**WHAT THE TASK ASKS:** Please show each line of the listing where "como" is present.

[SUPPLIED RECORDS — start]

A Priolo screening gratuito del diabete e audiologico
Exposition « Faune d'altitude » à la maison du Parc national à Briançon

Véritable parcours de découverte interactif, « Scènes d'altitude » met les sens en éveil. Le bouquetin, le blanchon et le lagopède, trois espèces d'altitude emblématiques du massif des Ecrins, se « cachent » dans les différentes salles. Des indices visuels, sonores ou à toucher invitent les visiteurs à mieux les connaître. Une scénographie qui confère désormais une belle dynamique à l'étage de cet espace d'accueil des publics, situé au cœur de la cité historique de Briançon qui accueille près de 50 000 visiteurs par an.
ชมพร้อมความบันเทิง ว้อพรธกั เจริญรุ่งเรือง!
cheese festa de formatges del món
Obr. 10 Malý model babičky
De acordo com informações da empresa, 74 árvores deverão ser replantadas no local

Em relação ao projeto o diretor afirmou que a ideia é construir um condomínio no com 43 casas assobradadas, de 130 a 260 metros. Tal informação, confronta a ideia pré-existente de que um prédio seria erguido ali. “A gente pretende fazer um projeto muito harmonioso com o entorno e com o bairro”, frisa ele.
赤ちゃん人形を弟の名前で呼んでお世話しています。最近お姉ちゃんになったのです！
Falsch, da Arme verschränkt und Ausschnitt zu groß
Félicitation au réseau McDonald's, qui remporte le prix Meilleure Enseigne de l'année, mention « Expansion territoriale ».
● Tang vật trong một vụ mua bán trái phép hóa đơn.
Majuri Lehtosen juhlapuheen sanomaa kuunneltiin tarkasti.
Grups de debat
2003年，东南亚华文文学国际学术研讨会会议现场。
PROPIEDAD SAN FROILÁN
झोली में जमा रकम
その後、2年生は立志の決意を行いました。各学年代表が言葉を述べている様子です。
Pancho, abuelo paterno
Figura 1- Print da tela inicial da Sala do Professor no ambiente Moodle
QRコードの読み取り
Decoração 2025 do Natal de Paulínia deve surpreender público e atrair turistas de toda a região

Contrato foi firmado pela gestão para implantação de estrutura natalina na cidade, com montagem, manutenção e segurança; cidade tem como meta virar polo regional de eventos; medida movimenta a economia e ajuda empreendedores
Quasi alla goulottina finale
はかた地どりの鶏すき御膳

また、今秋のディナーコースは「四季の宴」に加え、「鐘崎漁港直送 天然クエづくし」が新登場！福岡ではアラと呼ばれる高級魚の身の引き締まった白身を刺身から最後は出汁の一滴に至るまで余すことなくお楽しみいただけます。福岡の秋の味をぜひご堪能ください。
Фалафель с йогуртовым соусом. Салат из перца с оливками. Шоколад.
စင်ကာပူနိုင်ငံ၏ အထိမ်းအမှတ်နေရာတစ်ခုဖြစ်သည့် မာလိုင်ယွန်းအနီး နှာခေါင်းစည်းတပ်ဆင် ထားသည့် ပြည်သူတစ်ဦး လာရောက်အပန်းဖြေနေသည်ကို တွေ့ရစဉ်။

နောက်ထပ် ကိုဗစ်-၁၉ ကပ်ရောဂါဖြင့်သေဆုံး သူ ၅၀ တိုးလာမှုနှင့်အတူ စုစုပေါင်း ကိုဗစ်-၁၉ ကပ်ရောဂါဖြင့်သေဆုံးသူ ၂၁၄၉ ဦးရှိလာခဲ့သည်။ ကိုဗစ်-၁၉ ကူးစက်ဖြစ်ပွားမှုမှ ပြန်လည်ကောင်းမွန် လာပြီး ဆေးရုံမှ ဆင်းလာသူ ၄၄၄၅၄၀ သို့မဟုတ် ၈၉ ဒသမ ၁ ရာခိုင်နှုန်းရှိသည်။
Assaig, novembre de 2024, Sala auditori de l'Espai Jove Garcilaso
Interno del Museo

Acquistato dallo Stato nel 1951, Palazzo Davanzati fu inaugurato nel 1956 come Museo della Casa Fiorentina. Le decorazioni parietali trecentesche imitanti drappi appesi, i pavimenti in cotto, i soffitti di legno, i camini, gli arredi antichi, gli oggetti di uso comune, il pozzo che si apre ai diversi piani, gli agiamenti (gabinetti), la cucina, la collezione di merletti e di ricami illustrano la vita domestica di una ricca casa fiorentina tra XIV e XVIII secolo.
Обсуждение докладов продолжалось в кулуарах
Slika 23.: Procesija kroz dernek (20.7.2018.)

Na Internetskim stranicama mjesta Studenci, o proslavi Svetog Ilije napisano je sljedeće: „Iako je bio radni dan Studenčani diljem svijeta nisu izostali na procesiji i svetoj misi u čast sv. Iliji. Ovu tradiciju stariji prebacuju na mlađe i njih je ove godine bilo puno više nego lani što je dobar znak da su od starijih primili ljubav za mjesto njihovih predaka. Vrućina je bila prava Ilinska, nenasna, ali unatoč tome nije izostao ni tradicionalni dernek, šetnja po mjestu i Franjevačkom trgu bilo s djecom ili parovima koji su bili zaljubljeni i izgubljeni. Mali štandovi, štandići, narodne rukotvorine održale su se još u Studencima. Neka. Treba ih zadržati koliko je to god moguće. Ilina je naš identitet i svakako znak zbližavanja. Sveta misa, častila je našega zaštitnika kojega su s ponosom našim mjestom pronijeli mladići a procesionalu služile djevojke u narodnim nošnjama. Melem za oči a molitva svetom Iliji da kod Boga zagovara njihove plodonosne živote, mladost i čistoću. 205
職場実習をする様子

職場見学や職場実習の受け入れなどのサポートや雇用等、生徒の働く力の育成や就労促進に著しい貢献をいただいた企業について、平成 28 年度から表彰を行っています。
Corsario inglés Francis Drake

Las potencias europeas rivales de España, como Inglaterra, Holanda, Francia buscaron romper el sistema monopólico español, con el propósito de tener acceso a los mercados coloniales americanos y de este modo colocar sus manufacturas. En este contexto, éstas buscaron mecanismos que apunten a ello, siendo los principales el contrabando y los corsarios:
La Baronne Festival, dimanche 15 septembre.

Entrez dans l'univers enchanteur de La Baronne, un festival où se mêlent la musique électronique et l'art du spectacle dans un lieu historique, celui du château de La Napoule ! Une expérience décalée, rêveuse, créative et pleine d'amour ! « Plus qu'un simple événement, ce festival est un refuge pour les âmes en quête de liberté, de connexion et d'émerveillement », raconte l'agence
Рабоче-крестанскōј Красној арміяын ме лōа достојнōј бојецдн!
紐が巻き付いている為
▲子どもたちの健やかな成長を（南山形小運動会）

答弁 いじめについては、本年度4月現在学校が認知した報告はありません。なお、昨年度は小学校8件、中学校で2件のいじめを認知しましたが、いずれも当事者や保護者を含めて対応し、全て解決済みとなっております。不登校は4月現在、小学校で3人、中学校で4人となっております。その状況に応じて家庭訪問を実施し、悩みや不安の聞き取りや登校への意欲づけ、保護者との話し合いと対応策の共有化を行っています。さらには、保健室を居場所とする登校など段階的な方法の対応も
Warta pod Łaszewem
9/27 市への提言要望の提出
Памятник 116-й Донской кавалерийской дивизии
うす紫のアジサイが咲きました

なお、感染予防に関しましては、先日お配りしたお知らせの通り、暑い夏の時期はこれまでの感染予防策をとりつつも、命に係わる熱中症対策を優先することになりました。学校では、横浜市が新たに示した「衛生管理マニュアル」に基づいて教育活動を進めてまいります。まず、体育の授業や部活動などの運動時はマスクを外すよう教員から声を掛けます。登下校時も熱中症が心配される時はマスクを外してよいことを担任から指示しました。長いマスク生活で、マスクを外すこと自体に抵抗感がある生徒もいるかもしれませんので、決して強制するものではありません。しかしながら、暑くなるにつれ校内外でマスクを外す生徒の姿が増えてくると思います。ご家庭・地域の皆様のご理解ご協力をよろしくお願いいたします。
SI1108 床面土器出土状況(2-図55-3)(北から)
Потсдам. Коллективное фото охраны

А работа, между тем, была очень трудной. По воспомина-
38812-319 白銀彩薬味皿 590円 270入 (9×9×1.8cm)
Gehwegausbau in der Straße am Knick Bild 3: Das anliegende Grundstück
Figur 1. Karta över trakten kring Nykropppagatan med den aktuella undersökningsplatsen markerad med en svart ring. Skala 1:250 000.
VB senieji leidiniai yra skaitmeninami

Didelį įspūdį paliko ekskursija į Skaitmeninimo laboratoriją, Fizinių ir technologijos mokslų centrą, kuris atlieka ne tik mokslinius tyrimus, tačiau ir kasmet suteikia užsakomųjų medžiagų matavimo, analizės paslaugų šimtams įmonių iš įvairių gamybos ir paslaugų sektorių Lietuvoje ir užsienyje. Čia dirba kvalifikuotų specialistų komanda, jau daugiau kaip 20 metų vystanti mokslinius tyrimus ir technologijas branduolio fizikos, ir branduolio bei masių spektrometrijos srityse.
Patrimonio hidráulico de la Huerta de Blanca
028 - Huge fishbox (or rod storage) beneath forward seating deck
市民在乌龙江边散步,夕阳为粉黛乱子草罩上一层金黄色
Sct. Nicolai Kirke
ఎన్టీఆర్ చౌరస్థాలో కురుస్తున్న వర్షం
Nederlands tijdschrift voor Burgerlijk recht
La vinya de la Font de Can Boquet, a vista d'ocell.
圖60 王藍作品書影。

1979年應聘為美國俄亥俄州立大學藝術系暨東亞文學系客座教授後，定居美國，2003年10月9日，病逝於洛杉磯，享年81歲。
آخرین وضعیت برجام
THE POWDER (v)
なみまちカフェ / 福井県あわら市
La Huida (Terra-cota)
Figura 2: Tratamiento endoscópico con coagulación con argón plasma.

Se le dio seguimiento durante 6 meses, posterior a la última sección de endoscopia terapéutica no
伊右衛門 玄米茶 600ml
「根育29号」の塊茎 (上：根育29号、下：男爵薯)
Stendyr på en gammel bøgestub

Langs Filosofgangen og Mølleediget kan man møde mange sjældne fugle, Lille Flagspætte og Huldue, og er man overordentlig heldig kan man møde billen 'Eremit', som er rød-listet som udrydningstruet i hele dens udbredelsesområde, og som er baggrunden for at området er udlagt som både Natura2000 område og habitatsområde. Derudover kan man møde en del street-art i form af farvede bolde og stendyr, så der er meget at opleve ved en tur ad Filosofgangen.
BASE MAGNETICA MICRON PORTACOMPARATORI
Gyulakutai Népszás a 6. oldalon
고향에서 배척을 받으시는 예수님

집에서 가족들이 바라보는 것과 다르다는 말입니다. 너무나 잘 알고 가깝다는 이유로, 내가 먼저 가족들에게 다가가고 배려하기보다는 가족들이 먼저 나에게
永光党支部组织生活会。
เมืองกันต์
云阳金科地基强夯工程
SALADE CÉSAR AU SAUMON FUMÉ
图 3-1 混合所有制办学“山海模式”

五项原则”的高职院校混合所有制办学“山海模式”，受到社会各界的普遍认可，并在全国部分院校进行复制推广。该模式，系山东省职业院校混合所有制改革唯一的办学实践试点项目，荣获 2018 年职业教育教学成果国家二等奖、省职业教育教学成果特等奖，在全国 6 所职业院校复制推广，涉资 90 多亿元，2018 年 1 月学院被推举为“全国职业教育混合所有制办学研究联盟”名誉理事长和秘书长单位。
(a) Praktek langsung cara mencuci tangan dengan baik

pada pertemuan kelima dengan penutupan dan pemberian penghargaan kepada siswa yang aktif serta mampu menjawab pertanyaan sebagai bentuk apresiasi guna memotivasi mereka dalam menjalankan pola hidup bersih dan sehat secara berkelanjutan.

[SUPPLIED RECORDS — finish]

**ANSWER TO THE EXERCISE:**
Contrato foi firmado pela gestão para implantação de estrutura natalina na cidade, com montagem, manutenção e segurança; cidade tem como meta virar polo regional de eventos; medida movimenta a economia e ajuda empreendedores
Las potencias europeas rivales de España, como Inglaterra, Holanda, Francia buscaron romper el sistema monopólico español, con el propósito de tener acceso a los mercados coloniales americanos y de este modo colocar sus manufacturas. En este contexto, éstas buscaron mecanismos que apunten a ello, siendo los principales el contrabando y los corsarios:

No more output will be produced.